I’m going to keep this as brief as I can because I just don’t feel the need to expound on this monstrosity for very long. The basic plot concerns Mark Hogancamp (Steve Carell), an artist who is beaten within an inch of his life after a group of thugs discover he likes to wear women’s shoes. During his physical and mental rehab Hogancamp creates a fictional WWII-era Belgian town he names “Marwen” where his alter ego Captain Hoagie battles against Nazi oppressors with the aid of a group of beautiful-yet-gruff women who can shoot, drink and talk just as tough as he can. Each of these citizens of Marwen is crafted utilizing 12-inch dolls and are based on people from his life, including members of the gang that assaulted him. But most of them are the women who have helped him heal so they’re the ones who assist Captain Hoagie in his fight against the Nazis, Hogancamp finding inspiration in each of them as he tries to rebuild his life.
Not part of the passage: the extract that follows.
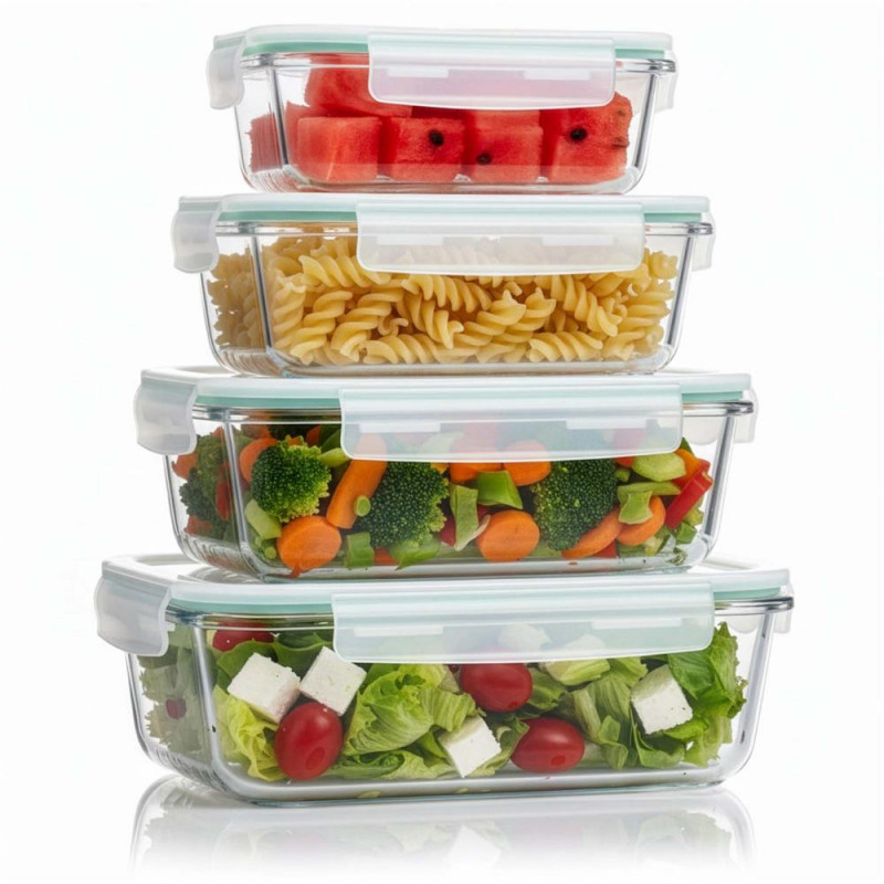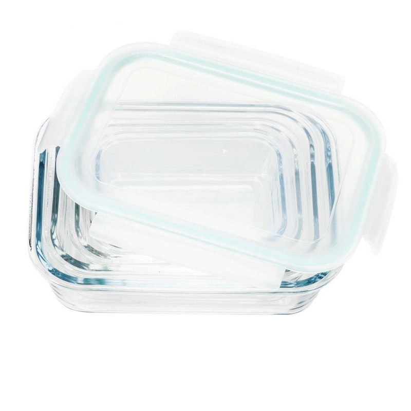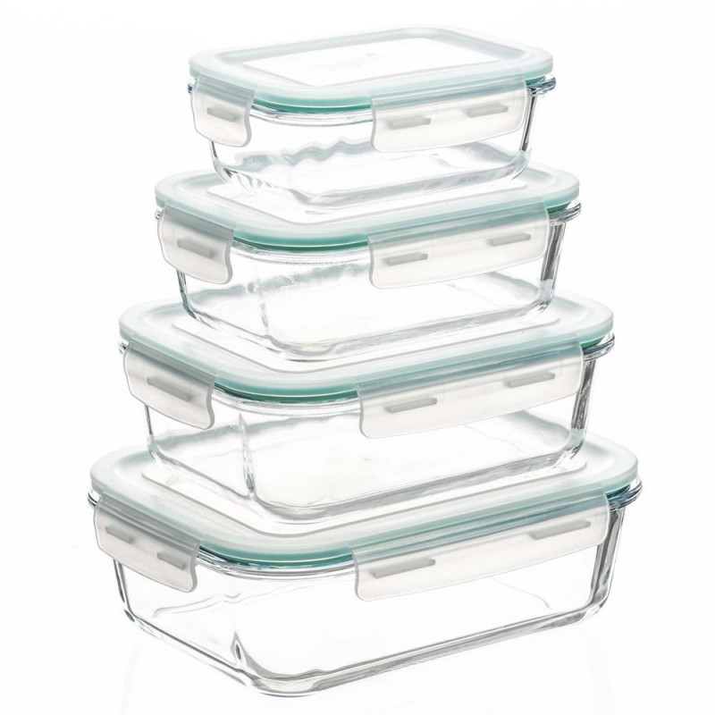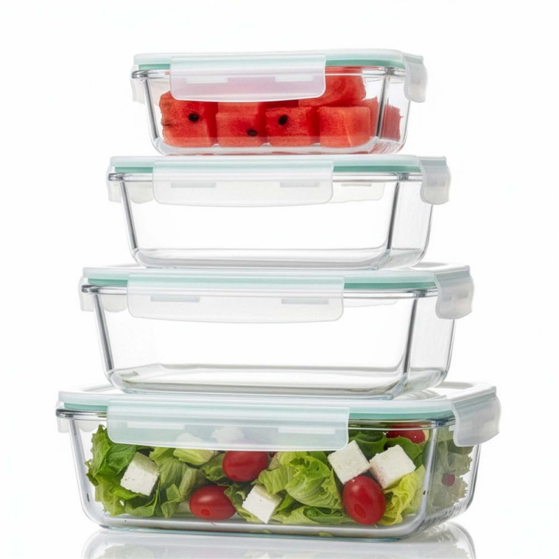 Scurta descriere Set de 4 recipiente din sticla termorezistenta, concepute pentru depozitarea, pastrarea si incalzirea alimentelor. Capacele din plastic sunt prevazute cu garnitura din silicon pentru inchidere etansa, prevenind scurgerile. Recipientele sunt sigure pentru contactul cu alimentele, nu contin BPA si rezista la temperaturi ridicate. Pot fi utilizate in masina de spalat vase, congelator si cuptor cu microunde fara capac, fiind ideale pentru uz zilnic.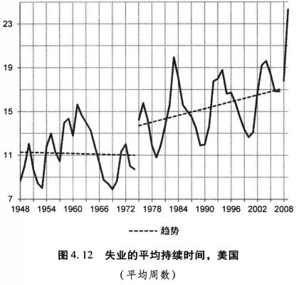 图4.12考察了失业的平均持续时间(均值)——即当前失业者(那些在过去一个月中没有工作但积极寻找工作的人)失业的平均周数。[14]在1948至1974年期间,这个持续时间的数字是平均11.2周,并且随着时间的推移而轻微下降。但是在1975至2007年期间——也就是说甚至直到最近这场衰退之前,这个持续时间的数字上升到平均15.4周,增加近40%。在这一时期,它自始至终显著地上升。

The first visit to Marwen is undeniably stunning. The motion capture effects required to bring these dolls to life is astonishing, and what will likely come as no surprise to anyone the technical wizardry required to pull these sequences off is magnificently realized on Zemeckis’ part. As far as combining top-flight visual effects seamlessly into a live action motion picture are concerned, the director is a virtuoso, and it’s unlikely even Steven Spielberg or James Cameron would question the filmmaker’s prowess as far as that particular skill is concerned.
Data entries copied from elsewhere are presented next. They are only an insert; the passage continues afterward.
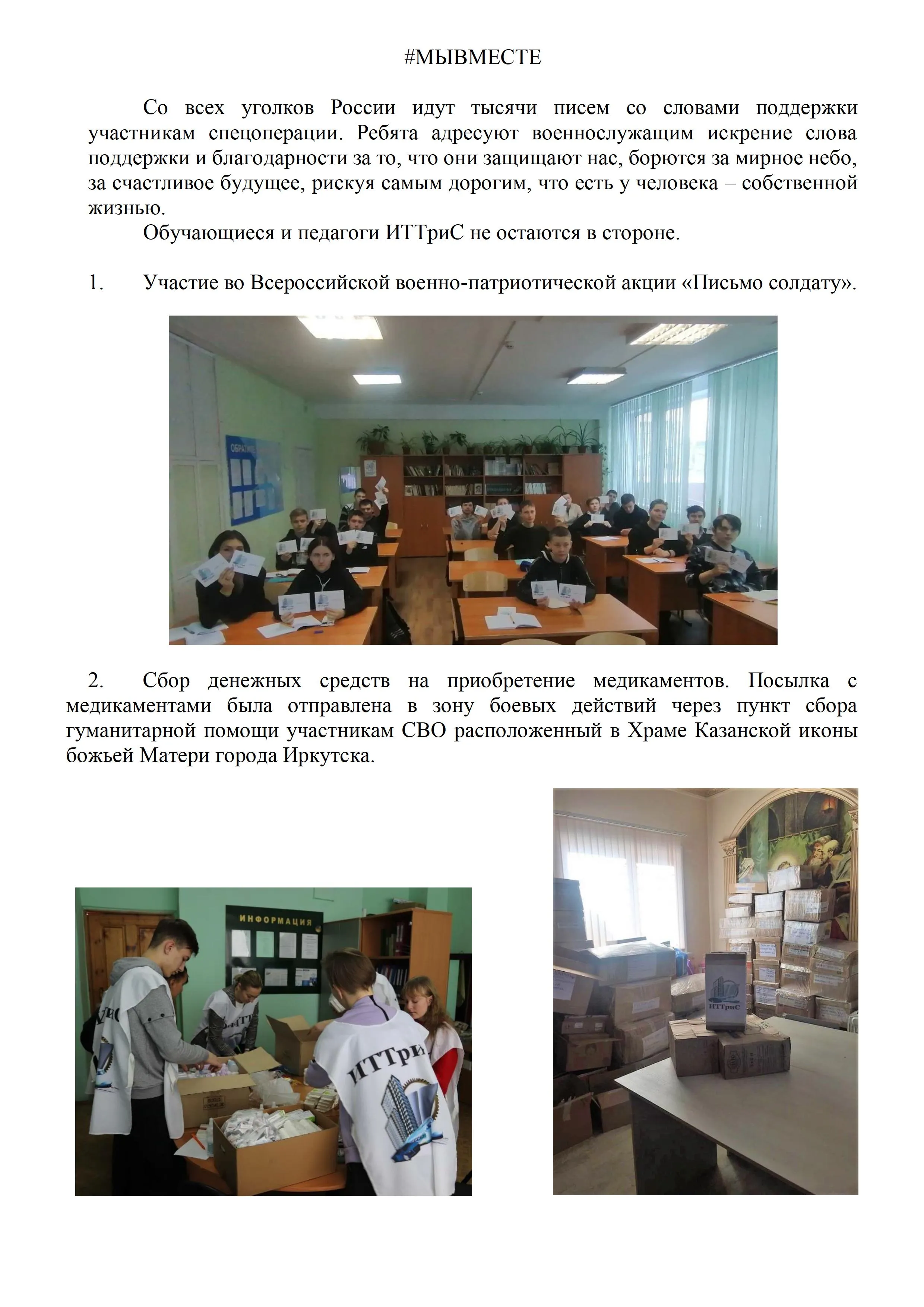 Обучающиеся и педагоги ИТТриС не остаются в стороне.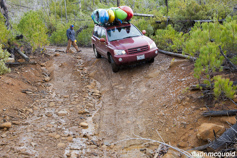 Diamond Creek has been on my mind since the first time I boated by the confluence of the creek with the North Smith some 6 years ago. Since then, I have made several trips to the Smith River area hoping to get on this creek, but due to weather either not showing up or showing up too much, I was never able to make it. The challenge is that you need some rain to come in to bring the creek in. However, the dirt road that takes you to put-in goes near 3,000 feet and is as such under snow most of the times that the creek has water. Furthermore, it is run so rarely that the road may have significant trees across the road in addition to being plane and simply a very crappy dirt road. Although my Highlander made it, I would not subject my car to that road ever again... I am sure I reduced my car's value that day. Next time, I will recruit someone with a pickup with proper clearance... or a 4Runner or something.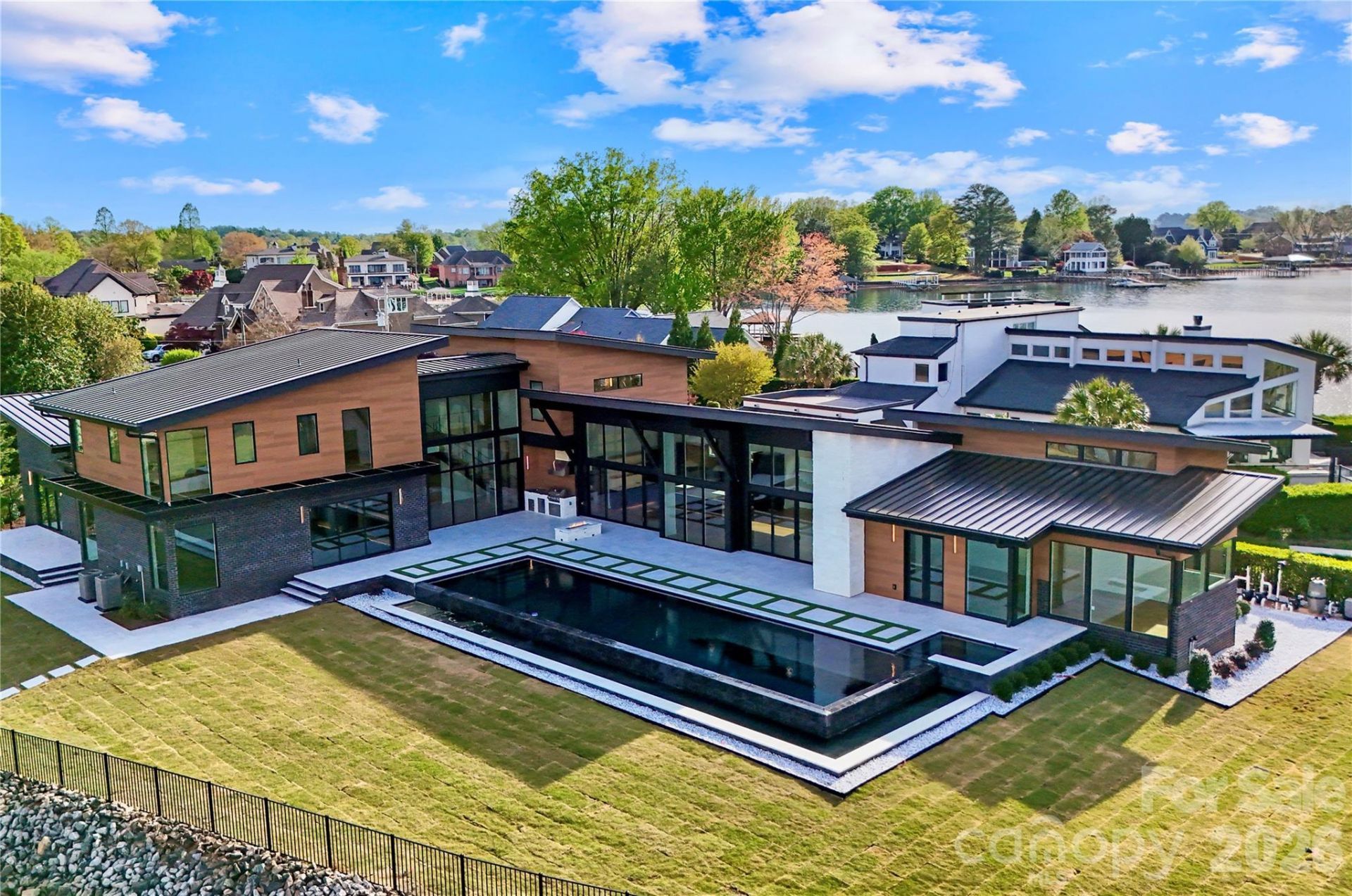 A fresh new look and officially complete! Take a look at the stunning new photos!Step into this Ultra-Luxury Build designed by Frazier Home Design & built by Grand Living Homes. Perfectly situated on Lake Norman in Cornelius, this 5 bed, 6 bath home combines refined design, modern comfort, and panoramic waterfront views on the lake. No detail was spared from steel beams, custom cabinetry, waterfall countertops, high-end appliances, sauna, gym, and floor-to-ceiling windows framing water views from nearly every room! A brand-new dock is underway, perfect for sunset cruises, fishing, or launching kayaks. The outdoor living is unmatched, with an infinity-edge pool overlooking the water and space designed for everything from relaxing mornings by the lake to elegant poolside dinners. It's a true retreat yet just minutes from downtown Cornelius, top-tier restaurants, the Peninsula Club, the marina, and more. This is a rare offering in one of Lake Normans coveted locations! Schedule your private tour today and discover lakefront living at its finest!

That’s the good news. The bad is so overwhelming I almost don’t know where to begin. Initially, I will say that as impressive as the visual effects are they also become increasingly tiresome as the movie progresses. The sequences in the town just lose their potency and allure, Zemeckis taking his story to this WWII hotbed of Nazi activity so frequently he diminishes their power to amaze.

While that is unfortunate, it’s everything else that ends up making the movie such a heinous and exploitive catastrophe. None of the main actresses involved (a list which includes the likes of Gwendoline Christie, Leslie Mann, Janelle Monáe, Eiza González, Merritt Wever, Diane Kruger and Leslie Zemeckis) see their characters become anything other than a disastrous cliché, while the film’s depiction of an individual dealing with a disability caused by inconceivable physical and mental trauma is borderline offensive. Zemeckis, never a filmmaker afraid of sentiment, sprays it around on this story as if it were coming out of a firehouse, the whole enterprise drowning in a tidal wave of schmaltzy mawkishness that’s as facile as it is assaultive.

PHOTO: Universal Pictures

Then there is the treatment of Mark Hogancamp’s fetishes and his fascination with women’s footwear. It is as if Zemeckis is completely incapable of dealing with the subject matter, as if for all his good intentions and progressive ideals his concepts of gender and self-expression just don’t allow him to be able to fully process ideas that do not conform to typical societal norms. The movie is so afraid of this facet of Hogancamp’s story that it treats it more as a throwaway element and not a key facet of the main character’s personality. It’s horrifying, and I’m not sure what more there is to add.

Writing about all of this is only making me angry. Jeff Malmberg, an executive producer here, made a brilliant documentary about Mark Hogancamp in 2010 entitled Marwencol. It’s one of this past decade’s best films, an essential piece of non-fiction cinema that tells the artist’s story with grace, precision, intelligence, complexity and most of all empathy. It’s available in multiple formats and on a number of platforms and should be seen right away. As for Zemeckis’ fictionalized recounting of Hogancamp’s tale? While I’ll always love the director for his numerous past triumphs that doesn’t mean I can cut him any slack this time around. Welcome to Marwen is a revolting calamity, and my hope is that audiences choose to avoid this film like the plague.